■ YOUR TASK: Only the lines from the one containing "などの特徴ある上層の雲もあらわれ、日没のころ には太陽柱も見られました。 |" through the last line of the material should be copied, exactly as written and without pictures.

■ PROVIDED DATA:
+-------+

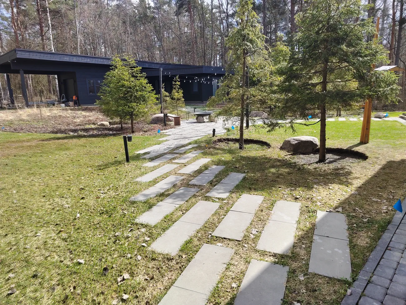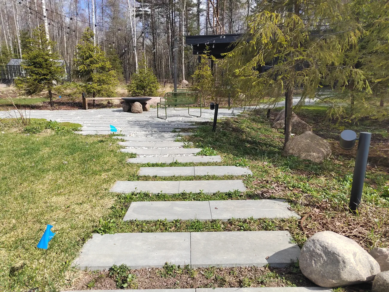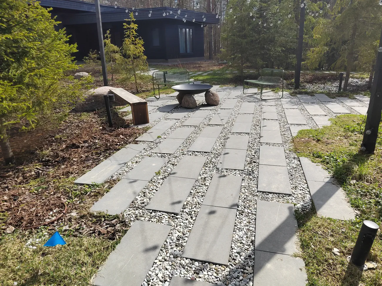 Выполнили дренаж и прокладку труб для ливневой канализации, установили смотровые колодцы, и проложили кабель для освещения участка. Мощение дорожек сделали из крупноформатных бетонных плит, для паркинга и автомобильной дороги на участке использовали тротуарную плитку "Старый Город", в сочетании с бетонной газонной решеткой.
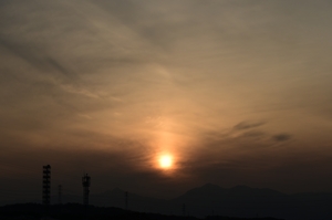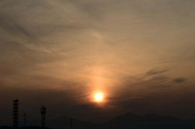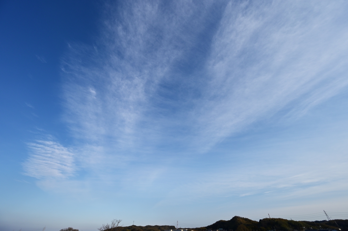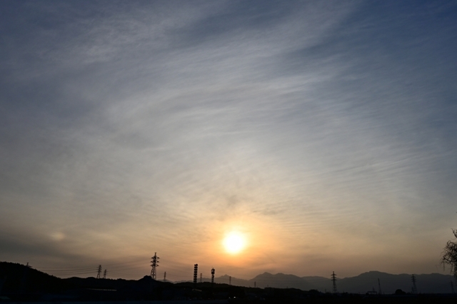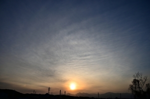 | 夕方になるまで快晴の空、最高気温(桑名)は15.2℃と 春を思わせる陽気。 夕方になって、西から巻層雲が広がり、幻日、ハロ、 タンジェントアーク。また、波状雲、二重雲、尾流雲 などの特徴ある上層の雲もあらわれ、日没のころ には太陽柱も見られました。 |
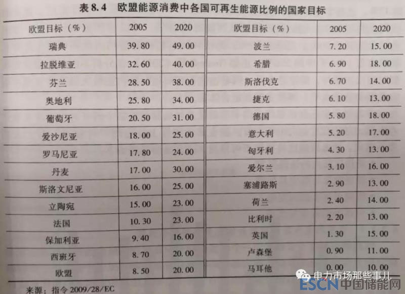 各國(guó)可再生能源比例分解目標(biāo)為[5]:
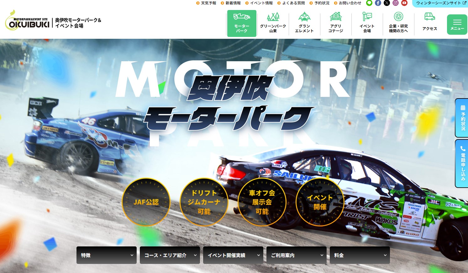 奥伊吹モーターパークは、ドリフト走行・ジムカーナ走行が可能なドライビングスポット!JAF公認大会も開催!走行会、オフ会、展示会、イベントなどご自由にご利用ください。

+-------+

■ EXERCISE OUTPUT:
 | 夕方になるまで快晴の空、最高気温(桑名)は15.2℃と 春を思わせる陽気。 夕方になって、西から巻層雲が広がり、幻日、ハロ、 タンジェントアーク。また、波状雲、二重雲、尾流雲 などの特徴ある上層の雲もあらわれ、日没のころ には太陽柱も見られました。 |
 各國(guó)可再生能源比例分解目標(biāo)為[5]:
 奥伊吹モーターパークは、ドリフト走行・ジムカーナ走行が可能なドライビングスポット!JAF公認大会も開催!走行会、オフ会、展示会、イベントなどご自由にご利用ください。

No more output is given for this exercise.